My fish is always bigger than yours.
In political-speak, my poll always turns out better for me than yours.
Last weekend, the Boston Globe published a poll that showed Mayor Menino a comfortable 20 points ahead in the race to be Boston's Mayor. However, Boston Phoenix reporter David Bernstein rained on the Globe's parade, citing a poll released by the Mayor's opponent, Michael Flaherty, showing the race as being far tighter (though the Mayor still led by seven points, which is not exactly a small margin).
It should not surprise anyone that Flaherty's team felt the race was closer than the Globe's poll indicated. Here's where it gets interesting, though. Bernstein concluded, "I think the race looks much more like Flaherty's poll than the Globe's."
As an observer, I must say that Bernstein's conclusion is somewhat baffling.

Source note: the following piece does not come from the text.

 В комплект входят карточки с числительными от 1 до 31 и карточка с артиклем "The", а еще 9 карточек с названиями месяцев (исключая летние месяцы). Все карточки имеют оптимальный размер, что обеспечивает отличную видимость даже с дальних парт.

Why would a reporter trust a poll released by one of the candidates over a poll conducted by another publication?
I actually sent Mr. Bernstein a Facebook message asking him why he trusted Flaherty's numbers so much. I will update this post if he gets back to me.

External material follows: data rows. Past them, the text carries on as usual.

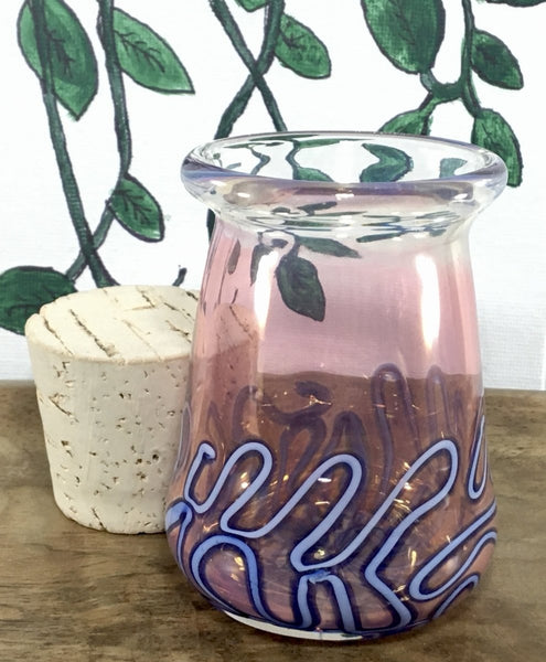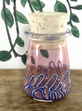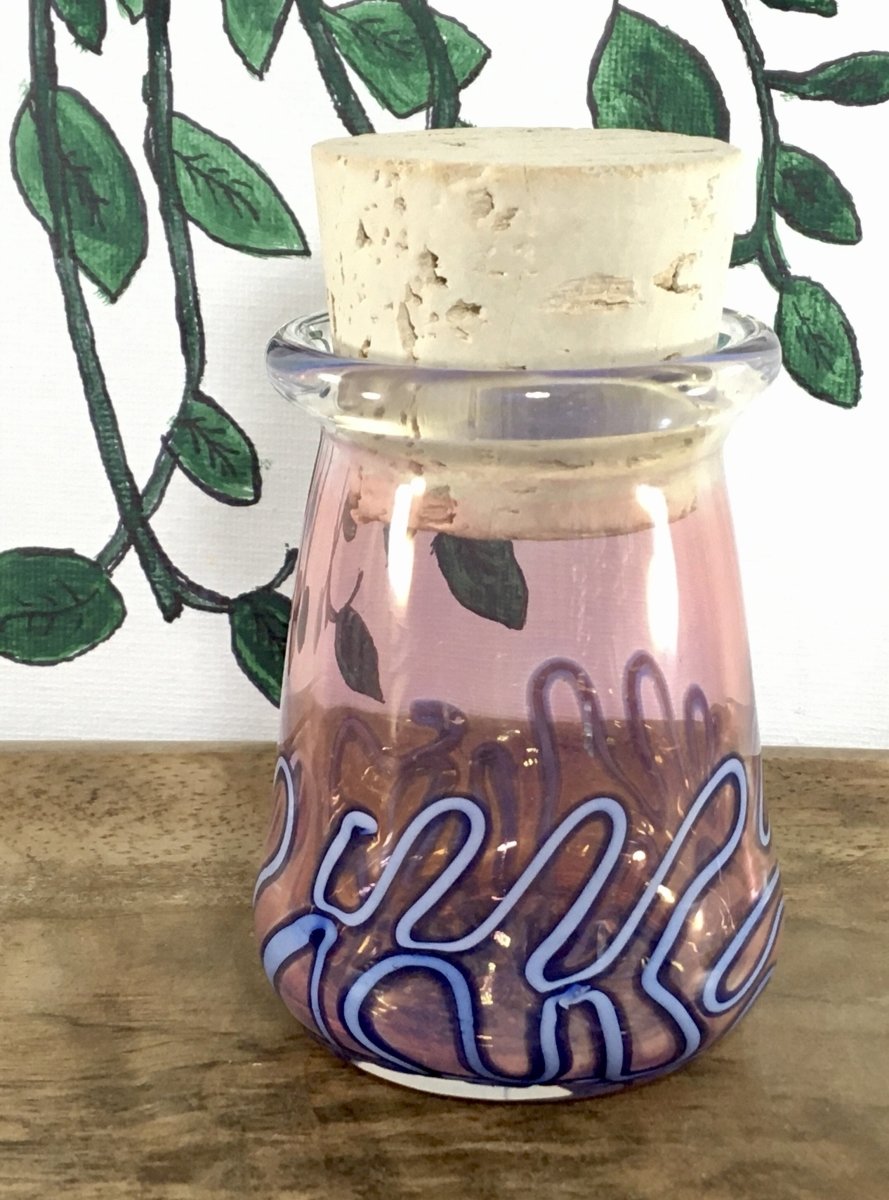 Thick Artistic Glass Canister with cork stopper is a clear jar with blue and white swirling then fumed. Can generally hold about 1/8th of smoking material.
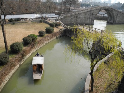 水用門から見た運河と呉門橋。北宗時代に造られましたが、太平天国の乱で失われ、清の1872年再建。呉門橋、盤門、瑞光塔が盤門三景。
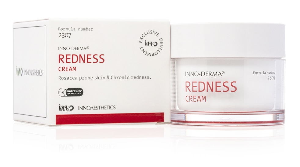 INNO- DERMA ® Redness Cream: крем cсоздан для чувствительной и склонной к покраснению кожи. Благодаря своим успокаивающим свойствам, он корректирует покраснения и предотвращает появление розацеа. Крем эффективно контролирует гиперреактивную кожу, предотвращает внезапное покраснение и усиливает естественные защитные способности кожи. Используйте его в ежедневном уходе, чтобы увлажнить и успокоить кожу, одновременно предохраняя ее от покраснения и проявлений сосудистой сетки.
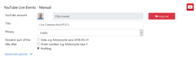 YouTube Live events Manual - Event without scheduling. You can start/stop your stream whenever you want via the user interface or via an external button connected to the camera. Event supports repeated use with starts and stops and continues to function until you delete it. It is suitable for institutions such as municipalities, churches and all timesensitive events that require manual triggering.
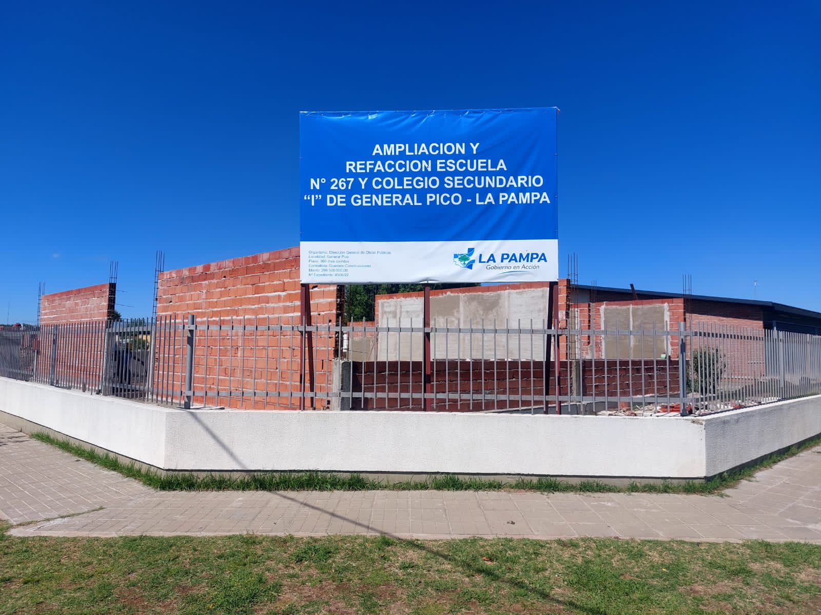 El Gobierno de la Provincia inició la obra de ampliación y refacción de la Escuela 267 y Colegio Secundario I, de General Pico, ubicado en barrio Bicentenario. El edificio refaccionado sumará casi 1.000 metros cuadrados y una inversión de 620 millones de pesos.

I also have not seen the actual data related to Flaherty's poll. However, based on a college course on research, there are other questions and concerns I have.
One example: Poll results are influenced by how questions are asked. What would stop the Flaherty camp from asking a few questions during the poll that might cast doubt on the Mayor before asking for the voter's preference in the election. After hearing something negative about a candidate posed as a question, the voter is more likely to lean away from that candidate.
I certainly don't blame any campaign from using this style, and I am not saying the Flaherty camp used this tactic in this case. However, it's one reason why we should all be trained not to trust polls released by a given campaign.
Editor's Note: I am volunteering for Mayor Menino's campaign in this election.